Rmpi not spawning across nodes
I am having difficulty getting Rmpi to spawn across nodes. My system administrator is knowledgable, but unfamilar with R. Other jobs are able to run across nodes on the cluster without difficulty. The system I am working on has multiple nodes running R 3.0.2 on x86_64-redhat-linux-gnu (64-bit) with Rmpi_0.6-3 with a openmpi version 1.6.5 complied with a nopsm option. nopsm was set while tracking down another error message on the basis of another post elsewhere (http://www.open-mpi.org/community/lists/users/2011/10/17660.php) and seemed to help get Rmpi to compile and run on the remote node. Rmpi was specifically R CMD INSTALLed against this nopsm version of openmpi. What I'd like to be able to do, as a proof of concept, is run R interactively with access to the multiple nodes on the cluster. Here is my minimal example...

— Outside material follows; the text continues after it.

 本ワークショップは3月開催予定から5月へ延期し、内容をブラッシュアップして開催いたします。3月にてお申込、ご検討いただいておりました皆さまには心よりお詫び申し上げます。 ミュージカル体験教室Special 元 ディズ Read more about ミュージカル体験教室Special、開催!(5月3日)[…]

From the login node I can run:
qsub -I -V -l nodes=2:ppn=12
I am transferred to one of the computation nodes, and I can tell that
I?ve been assigned two nodes to work on using the ?mynodes? command in
bash. When I ?cat $PBS_NODEFILE I get a list of each node name
repeated 16 times. Therefore, I am reasonably sure I was actually
assigned distinct nodes.
I launch R with the bash command:
mpirun -np 1 -hostfile $PBS_NODEFILE R --interactive ?-vanilla
I've also tried using the -n option rather than -np as I've seen in
some other sample scripts with similar results.
Within R on one of the computation node I type the following commands:
library(Rmpi)
mpi.spawn.Rslaves()
mpi.remote.exec(paste(Sys.info()[c("nodename")],"checking in
as",mpi.comm.rank(),"of",mpi.comm.size()))

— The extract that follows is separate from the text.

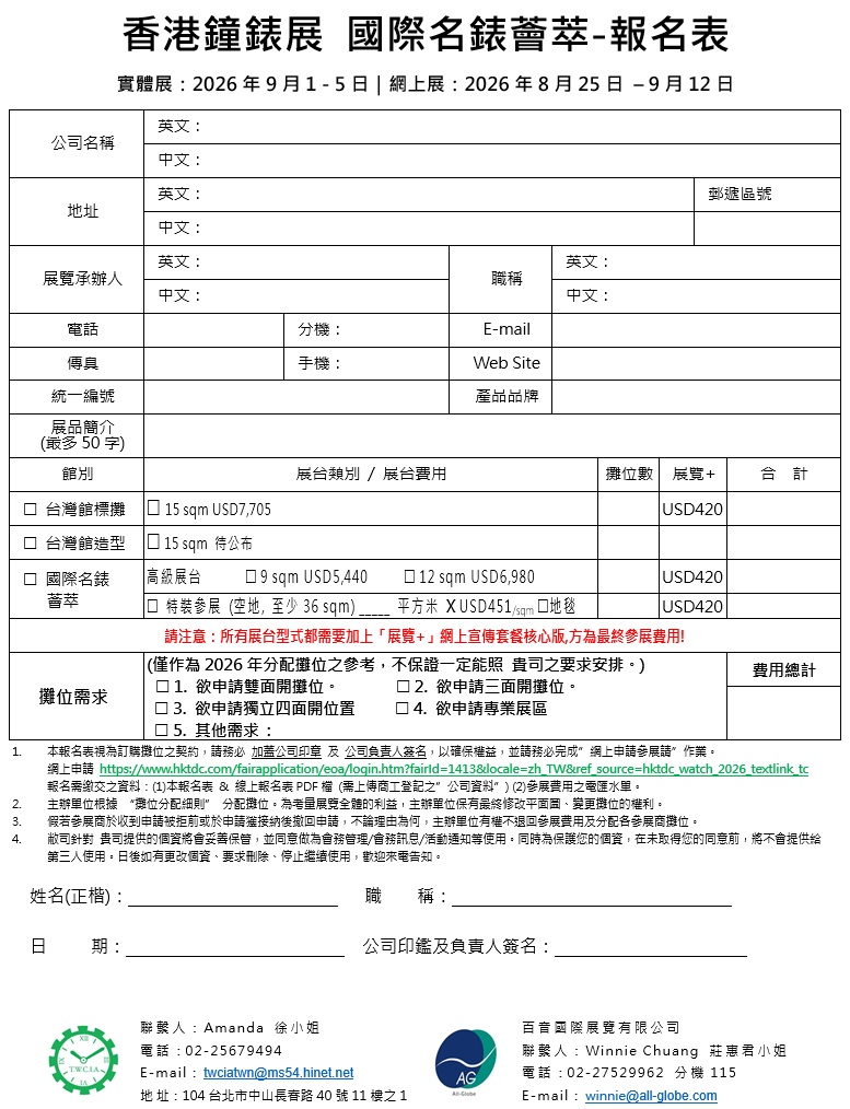 2026年香港鐘錶展報名表下載

... the results of these commands indicate that all of the slaves
started on the same node.
I saw the "Rmpi spawning across nodes" topic from March of 2012.
"Snow Not Distributing" from 2012 demonstrates a similar problem. I
tried Ex60-HelloWorldSnow from that source, but all results indicate
that they were generated from the same node.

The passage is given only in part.